My new friends from Zimbabwe saw their homeland devastated and looted in a manner not seen since Attila swept west from the Volga. They left Zimbabwe for a time and lived in South Africa, where the murder rate is 34 per 100,000 (it is 5 in the U.S., 2.8 in Israel). I’ve been to Zimbabwe and South Africa, so I have a small notion of their experience.
They arrived in Seattle five months ago and we became friends. Last week, my wife Nancy and I took them to a French bistro on Madison. We enjoyed a lively conversation that rambled to travel experiences.
“I have just left two struggling third-world countries,” he said. “I don’t need to see any more of them.”
His meaning was clear: We’re in America — the best place on earth. His perspective is heartfelt by immigrants, yet widely underappreciated by our native born.
America is exceptional, a theme I wrote about in 2007. Given the turbulent events in North Africa and elsewhere, I think the subject is even more relevant today:
America is a light unto the nations. We are a beacon of freedom, equal rights, prosperity, and security. As such, we have a moral duty to lead the world, protect the peace, and bring our message of liberty to all peoples.
America is a chosen nation. As American Jews, we are twice chosen. We cannot opt out of either and be true to our birthrights. To deny our leadership role in the world is to succumb to fashionable but absurd notions of American guilt. All human enterprises are flawed, and America is flawed. But thinking people can discriminate between what is truly good and what is truly evil.
America is not just a place on a map. It is tikkun olam on an epic scale. American industry lifted the world from drudgery into the modern age. American medicine overcame ravaging diseases and extended our lives. One mechanized American farmer feeds 144 people around the world. Americans spend 10 percent of their income on food, lowest in the world, compared to 51 percent in India.
America saved Western Civilization in two world wars and won the existential struggle against dehumanizing Communism. We sought no empire, no spoils of war. We even rebuilt countries we vanquished. The view of America as an imperialist bully is a lie that erodes our national will and undermines our leadership role in an uncertain world.
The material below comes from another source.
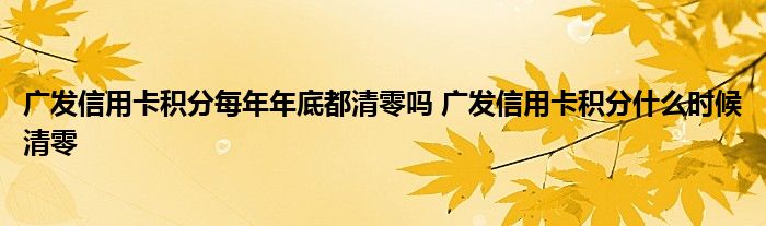 导读 大家好,小元来为大家解答问题。广发信用卡积分每年年底都清零吗,广发信用卡积分什么时候清零这个很多人还不知道,现在让我们一起来了解下

America is chosen not because of her power or her prosperity, but because of her values. The supremacy of the individual over the state. Limited government. A classless meritocracy with equal opportunity for all. Freedom that inspires the bold to imagine, to dream, and to build on an unprecedented scale.
Our constitutional republic was built on Western cultural traditions and Judeo-Christian ethical mores from the Torah and the Ten Commandments. As a Jew, I am especially proud of that heritage. It is yours and mine whether your ancestors landed at Plymouth Rock or Ellis Island.
Americans are chosen because each individual citizen knows, or should know, he is responsible for his government, his nation and his neighbors. The world needs a strong America. To retreat from our responsibilities will leave a vacuum into which chaos and suffering will surely follow.
It’s easy to imagine such a place. It is on exhibit every day in Turtle Bay, New York. The United Nations is where the U.S. and Israel are marginalized and despised by grandstanding despots from miserable, unsuccessful countries; a corrupt and ineffectual charade openly hostile to Jews. If you like the U.N., you’ll love a world without American leadership.
So, brave readers, embrace the Torah, the Constitution, the Bill of Rights and the American flag! Carry them high. Stand tall. You are the few, the proud, the twice chosen. You are the Jewish Americans.
My premise seems even more relevant today. President Obama said that America is no more exceptional than Greece is exceptional to Greeks. He’s wrong. The Wall Street Journal recently editorialized that if President Obama is trying not to lead, he is remarkably successful. We once had leaders who understood American exceptionalism:
“Let every nation know, whether it wishes us well or ill, that we shall pay any price, bear any burden, meet any hardship, support any friend, oppose any foe, in order to assure the survival and the success of liberty.”
I’m a Republican, but I remember and miss JFK. Get out ahead, Mr. President. The world can little afford another Iran. One Jimmy Carter in my lifetime is enough.